• **About this task**
When a line in the data below includes "Inmetro", pick it out and copy it.

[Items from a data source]

= Beginning of Section =

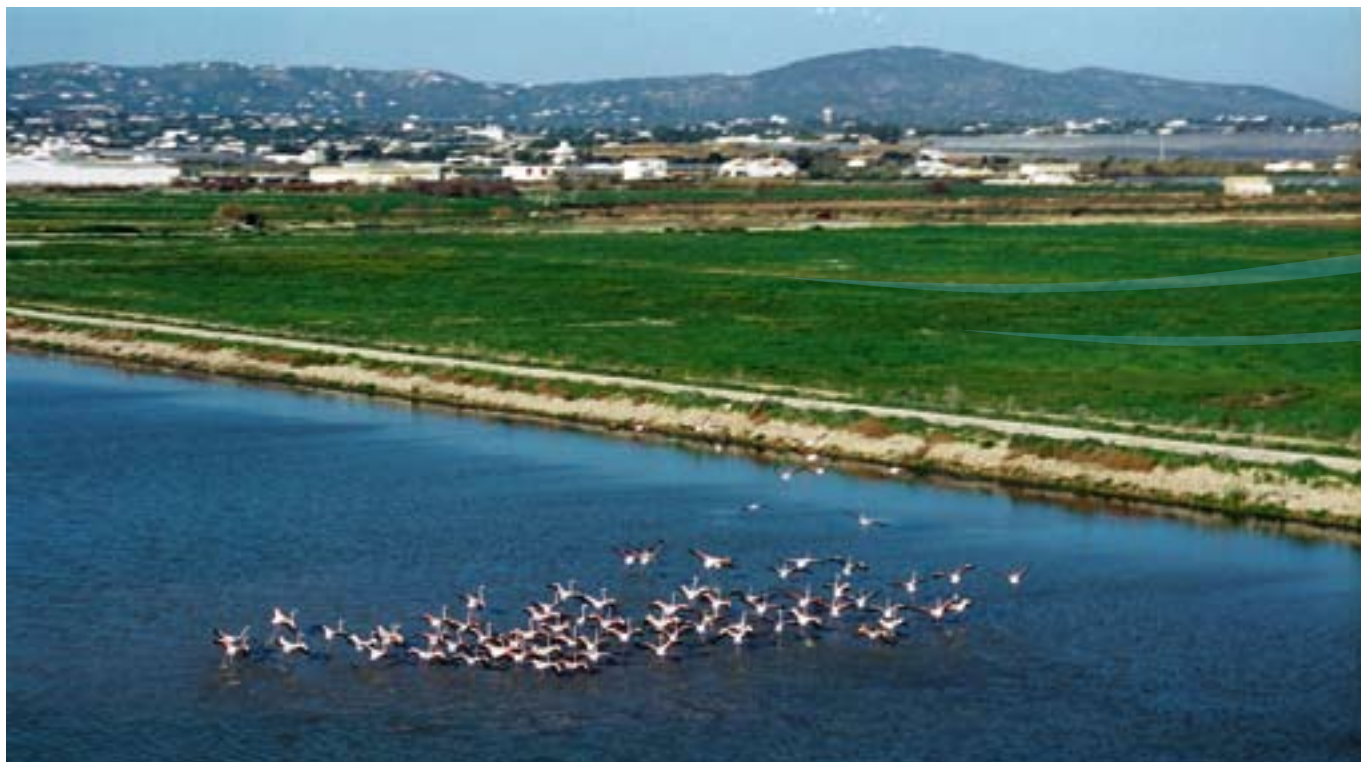
▲ Vista del parque natural de Ria Formosa en el Algarve (Portugal).

Por esta razón, la estrategia destaca la necesidad de establecer «nuevas formas de gobernanza que actualmente no están presentes en el territorio» y que deberían hacer posible:
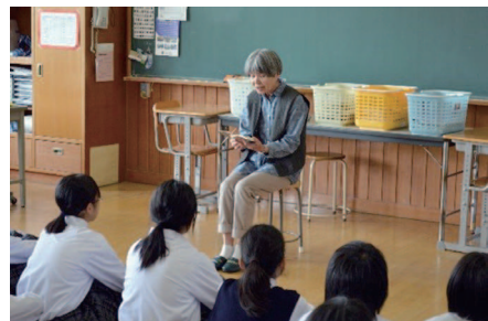
▲ボランティアの方による読み語り
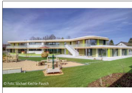
4400-0233 Kinderkrippe - Passivhaus Seite 208

🏠 Architekturbüro Werner Grannemann Bremerhaven
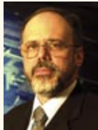
João Jornada Presidente do Inmetro

Cada apresentação do nosso Coral será sempre um momento de reflexão sobre o "todos e o cada um" na vida do Inmetro e sua inserção no todo maior que é o Brasil.
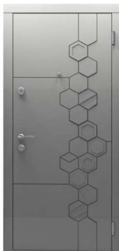
Модель - 01459
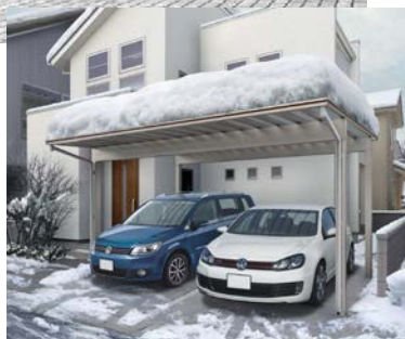
春～秋は明るい車庫空間に！
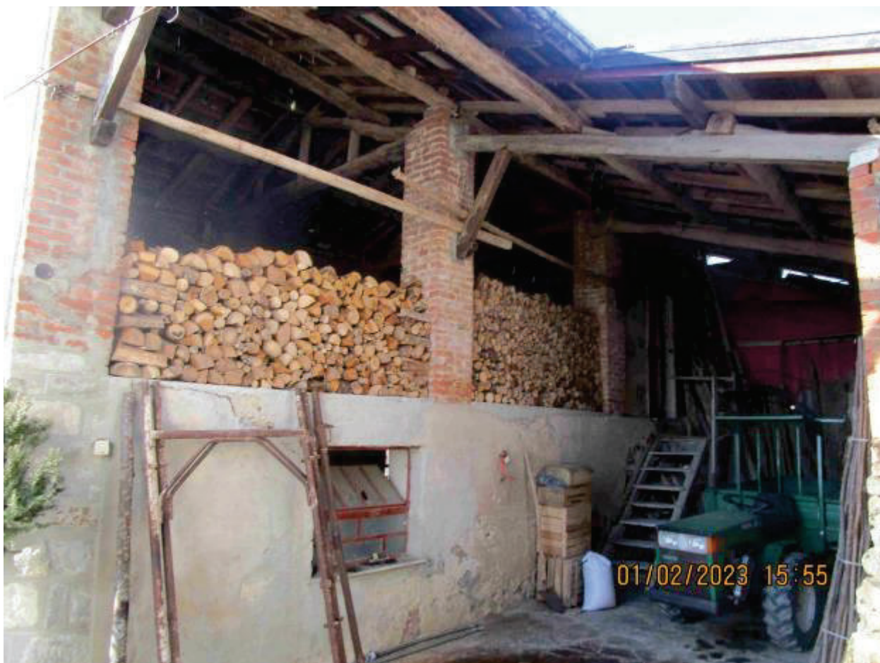
Cassero legnaia e tettoia

= End of Section =

• **Reply**
João Jornada Presidente do Inmetro
Cada apresentação do nosso Coral será sempre um momento de reflexão sobre o "todos e o cada um" na vida do Inmetro e sua inserção no todo maior que é o Brasil.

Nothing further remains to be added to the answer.